Note how the peak filter temp was recorded at 11:16 am (nearly 11:17 in fact) and the peak intercooler temp was just over 1.5 minutes later. Basically, even after driving for only 10 minutes and then switching off the engine for just 5 minutes, the affect of heatsoak was sufficient to increase the intercooler temps when the car was again moving.
Trade an ambient of 20 for 40 degrees C, and swap having the car switched off for 5 minutes for having it stationary in city traffic with the engine running, and you can see why we’ve often said that the effects of heatsoak are critical to the actual intake air temp recorded on turbo cars.
Two more interesting points: on this little drive, the average filter temp was 23 degrees and the average of the hot side of the intercooler, 30; and there were eight temp spikes (ie uses of boost) on the way to the post office, and six on the way home.

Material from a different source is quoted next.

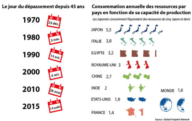 Cela signifie qu’en moins de huit mois, la population mondiale a, en théorie, déjà consommé toutes les ressources de la planète pour l’année 2015. À partir d’aujourd’hui, pour continuer à boire, à manger, à se chauffer, à se déplacer, à produire, nous vivons à crédit jusqu’au 31 décembre. Une “dette écologique” qui ne cesse de s’alourdir depuis 1970, et dont les conséquences sont déjà visibles : déforestation, sècheresse, érosion des sols, appauvrissement de la biodiversité, ou encore accumulation de carbone dans l’atmosphère.

So that was the intercooler, but what about something else under the bonnet? This graph shows the inlet and outlet temps of the auto transmission cooler. When we did the tranny cooler project on the Maxima (Cooling the Trans) I did some temp measurements, but the single probe tended to show that the trans cooler was hot when the car was stopped and cooler when it was going. But the temp drop across the cooler was hard to quantify – it seemed to be all over the place.
So what was happening? The two graphs are on different scales – the top trace, which is the trans cooler outlet temp, is on a 10 – 40 degree C scale and the bottom trace, the inlet temp, is on a 0 – 75 degree scale.
The scale differences help explain the spikiness of the upper trace, but you can see that if both traces were plotted on the one scale, the traces would mimic each other fairly well. However, the max temp on the inlet pipe was 61 degrees C, and the max temp on the outlet pipe was 44 degrees – a 17degree drop across the core. However, even more interesting is the Scopemeter’s calculated averages – the average outlet temp was 32 and the average inlet temp 45 degrees – a 13 degree drop.
In fact, given that we know the day temp was about 20 degrees C, we can calculate the average efficiency of the auto trans cooler. To decrease the average intake temp of 45 degrees to the ambient of 20 degrees would need a 100 per cent efficient core, so a drop of 45 to 32 indicates an efficiency of 52 per cent (13/25 = 0.52). That’s a pretty good for a trans cooler than cost under five bucks!
So what’s the radiator like? I went for a drive around a few hilly blocks, measuring inlet and outlet temps. The max inlet temp was 83 degrees C and the max outlet temp, 60 degrees – a 23 degree drop across the radiator. The averages showed 78 degrees and 52 degrees respectively – a 26 degree change. Again with an ambient temp of 20 degrees, this represents an average efficiency of 45 per cent.
One of the advantages of the Scopemeter over a PC logging adaptor is that the Fluke can handle anything thrown at it – you can’t easily blow it up by inputting too high a voltage, for example. In this sort of application it’s also very quick and easy to set up. And the input signals don’t have to be temperature, of course. It’s just as easy to graph the voltage coming out of a boost pressure sensor (perhaps with intercooler temp on the other trace) or the oxygen sensor signal.